CALCULATE is the single most important function in Data Analysis Expression (DAX) because it allows you to manipulate filter context, which is necessary for building real-world calculations. Let Marco Russo, mentor and book author from sqlbi.com, explain it to you in this 47-minute video.
The CALCULATE function performs two fundamental operations: it directly manipulates the filter context, and it converts an existing row context into an equivalent filter context. CALCULATE is important, because it overcomes the limitations of using FILTER and ALL, when they are used to manipulate a filter context on their own. For example, it is not possible to remove a filter over a single column in a table, without affecting filters in other columns, by using ALL on its own. In the demo, you will see that in order to compute a percentage of a total you might need to selectively remove a filter on some columns of a table without touching filters on other columns of the same table. You could not achieve that by just using SUMX and ALL! You can control whether a filter should add to, or replace, the existing filters at a column granularity level by using CALCULATE with the ALL and VALUES functions, on a column.
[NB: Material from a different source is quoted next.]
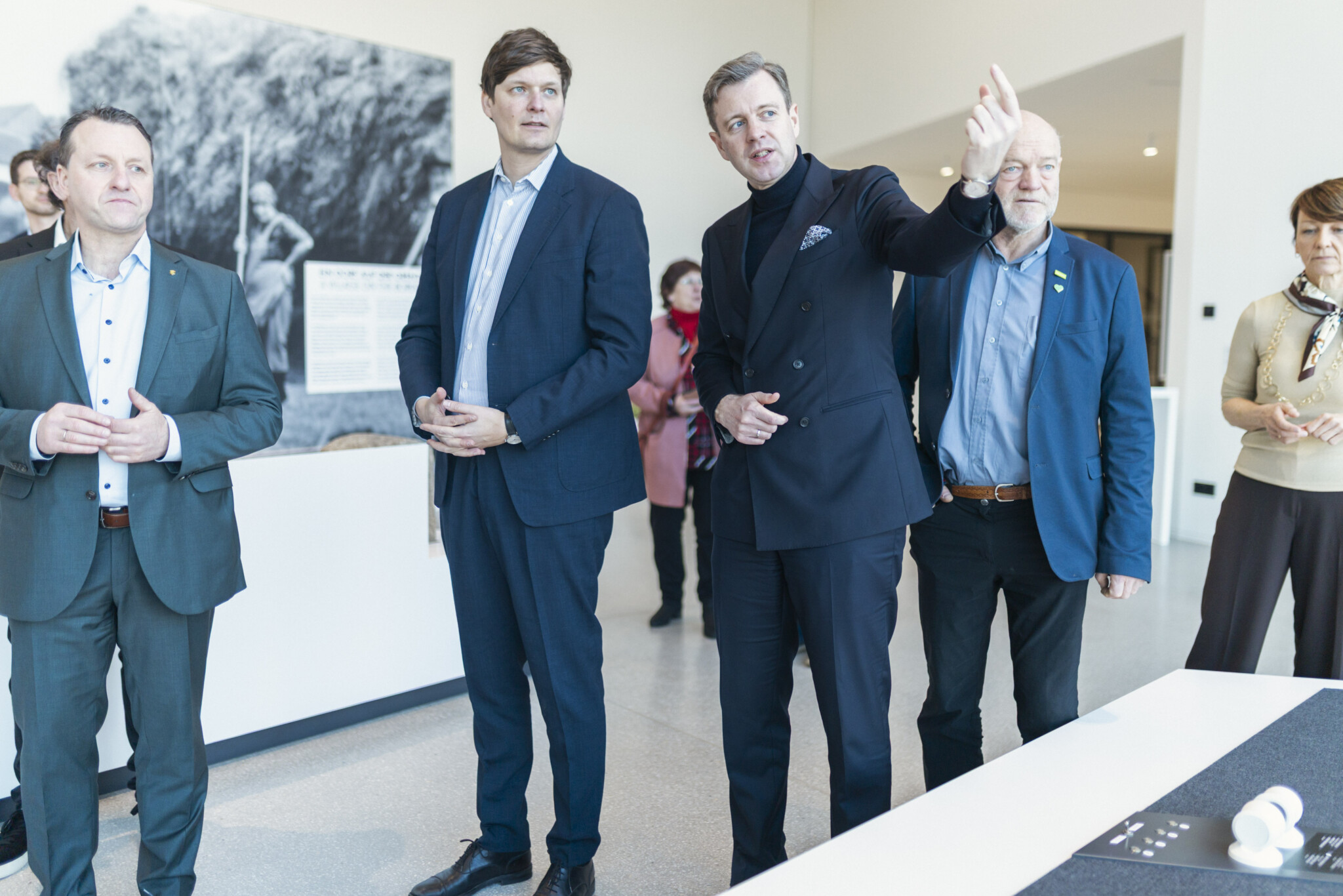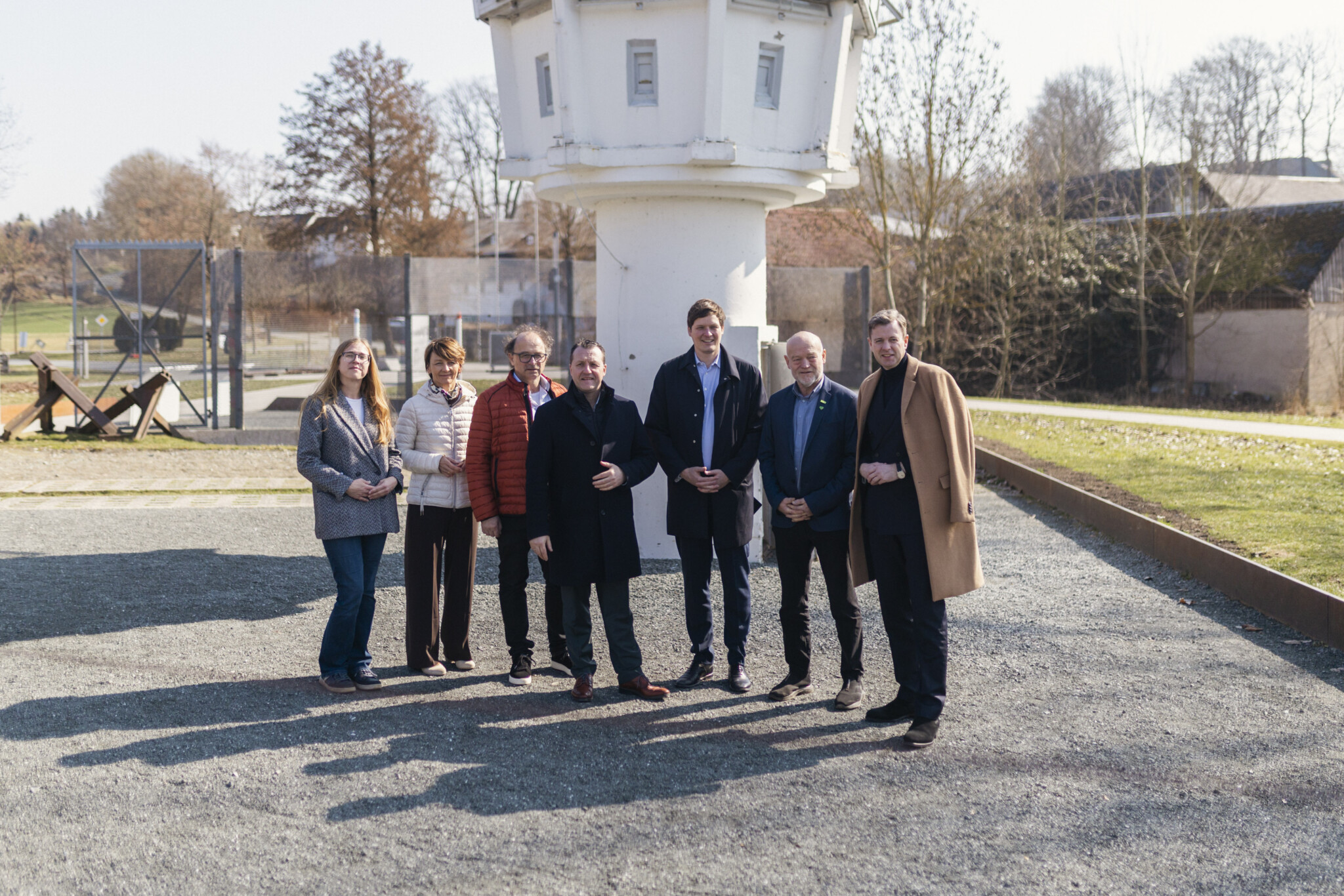 Susan Burger (Museumspädagogin Deutsch-Deutsches Museum Mödlareuth), Christine Franz (Geschäftsführerin Zweckverband Deutsch-Deutsches Museum Mödlareuth), Museumsleiter Robert Lebegern, Jörg Schmidt (Mitglied des sächsischen Landtags), Sachsens Kultusminister Conrad Clemens, Andreas Heinz (Mitglied des sächsischen Landtags), Landrat Dr. Oliver Bär

The second operation performed by CALCULATE is the transformation of a row context into the correspondent filter context. This is important for manipulating calculations when you define a calculated column, or when you specify an expression, inside an iteration function such as SUMX or FILTER. In several practical examples of expressions in a row context, shown in the demo, you will learn that the filter context is empty when you define a calculated column, and you can manipulate it by transforming the row context into a filter context. Because the filter context automatically propagates to the related tables, you can define a calculation in a table that automatically filters rows in any related tables within the CALCULATE scope. It is useful to know that the presence of CALCULATE can be implicit in an expression: whenever a measure is evaluated, CALCULATE is called implicitly to evaluate the expression defined in the measure. For this reason, every measure used in a calculated column, or in an expression within an iteration function, will execute the transformation of the row context into a filter context.
By watching this 47-minute video, which includes 5 full-length, high-resolution demos, you will be able to use the most important function of DAX. Ideally, you should study this video after you have watched the remaining modules of this course, especially the preceding tutorial about DAX Evaluation Context.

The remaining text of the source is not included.